Sepang held the Malaysian Grand Prix every year from 1999 until 2017, and proved a popular venue with the drivers and teams. However, attendances waned in recent years due to an increase in the amount of races held in Asia – the Singapore Grand Prix being particularly close to Sepang.
In 2017, the then Prime Minister of Malaysia Najib Razak announced that the country would not be renewing its contract with Formula One Management, citing poor financial returns.
Despite this, Sepang has continued to expand its racing roster with other series and, having taken onboard local demands, have installed floodlights all around the track. According to the circuit chairman Tan Sri Azman Yahya, the floodlights are the same as those installed at the Yas Marina Circuit in Abu Dhabi and Sakhir in Bahrain:
“We see this as an ideal opportunity for us to attract more bookings for the track by opening it up for use for night races, so we decided to go ahead and install the floodlights all throughout the track.”
“We engaged with circuit floodlights specialists who were responsible for the installation of floodlights at the Yas Marina Circuit in Abu Dhabi, the Losail Circuit in Qatar, the Jukasa Speedway in Canada as well as the Bahrain International Circuit.”
According to the New Strait Times, the floodlighting have already been approved and signed off on by FIM (governing body for motorbike racing, including Moto GP), as well as by the FIA. The latest documentation from the FIA shows that the circuit’s Grade 1 certification, which is required by a circuit for use in F1, remains valid until the end of 2020. However, additional lighting would need to be added for Formula 1 use if it were to return.
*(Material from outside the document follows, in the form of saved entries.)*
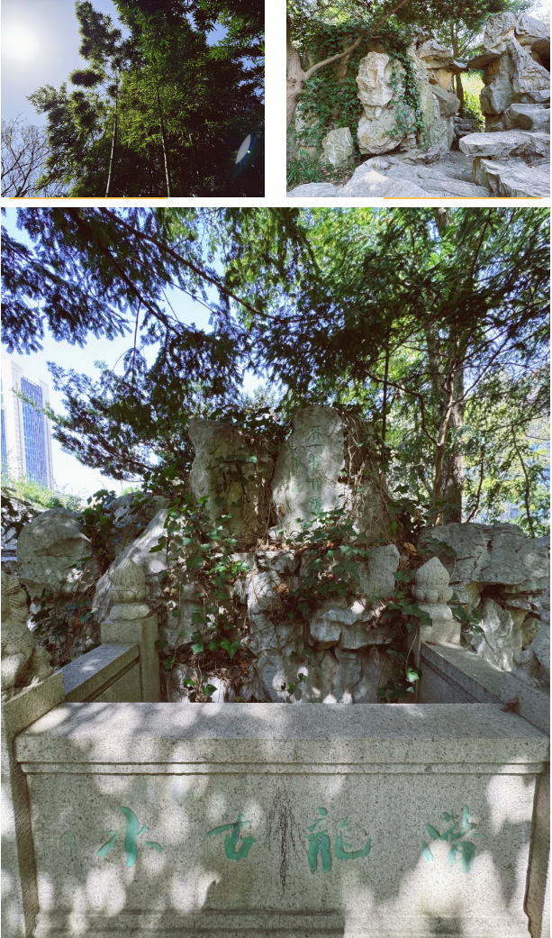 园内半亩池塘,水光返影、绿柳如烟、曲桥浮水,池中小岛古松掩映、怪石峥嵘,岸边粉墙翠竹、鉴亭凌波。
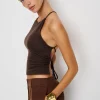 The model is wearing a size 0 and has a 25″ waist, 35″ hips.
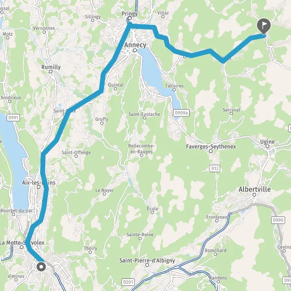 Au rond-point, prendre la 2ème sortie sur D909 (Route d'Annecy) et continuer sur 1,3 kilomètre
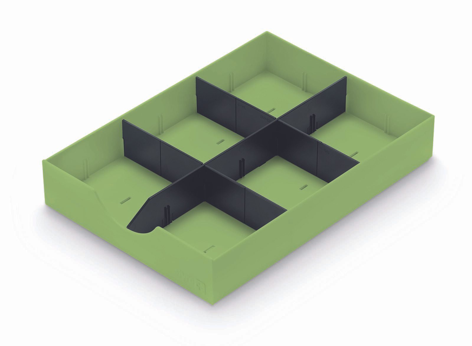 - Anzahl der Fächer: 1 Längs- und 2 Querstreben für die individuelle Unterteilung
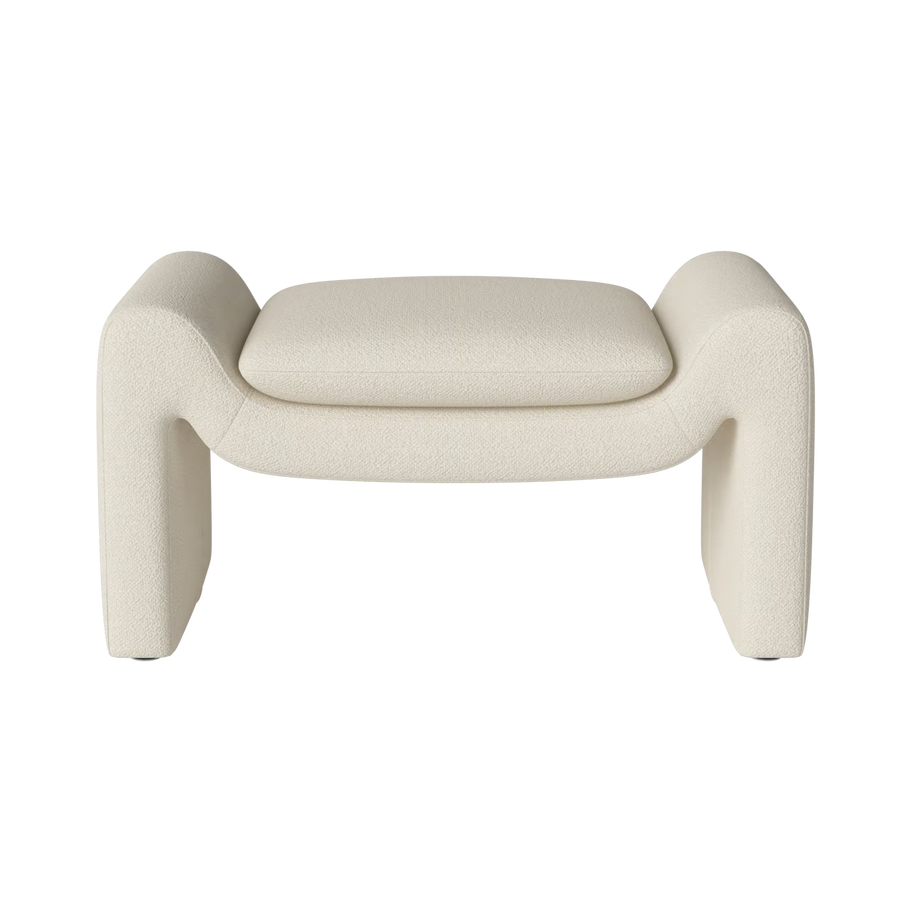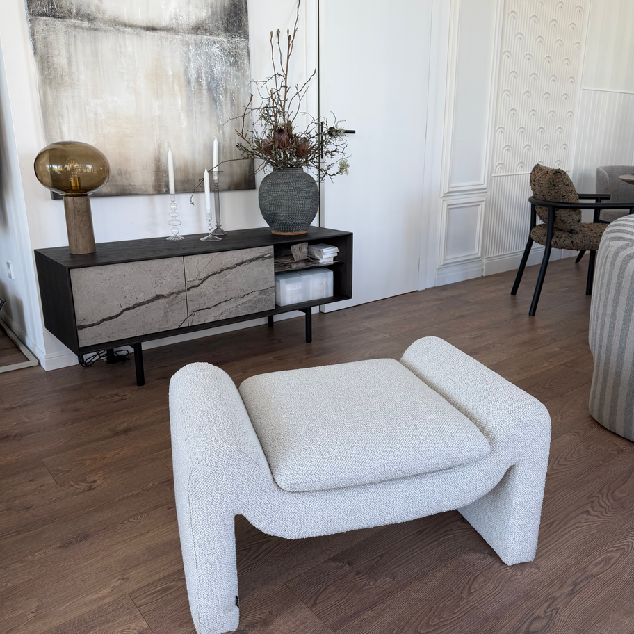 Invite an iconic armchair into your living room. The Mielo armchair and accompanying footstool have a sculptural lounge look with timeless, organic shapes. Created with a focus on comfort, character, and handcrafted European quality. With its open shape, it welcomes you to sit comfortably and relaxed, with a reversible seat cushion to extend its lifespan. Mielo is beautiful from every angle, complementing any contemporary interior, and will surely attract the attention of your guests. Material and colour: Adria - Bouclé & texture, Ivory

There is the possibility that F1 may yet return to Malaysia, particularly with the added potential novelty of a different night race. Petronas, Malaysia’s state energy company, remain a title sponsor of Mercedes AMG, while the newly elected Prime Minister of Malaysia is Tun Dr. Mahathir bin Mohamad – he held the same office in the late 90s and was responsible for bringing F1 to Malaysia in the first place. Back in 1999, he officiated the opening of the circuit and it’s understood he is keen to bring the sport back to his home country. The Minister for Youth & Sport, Syed Saddiq, has downplayed that expectation, saying that the circuit is concentrating on attraction more two wheel racing for now.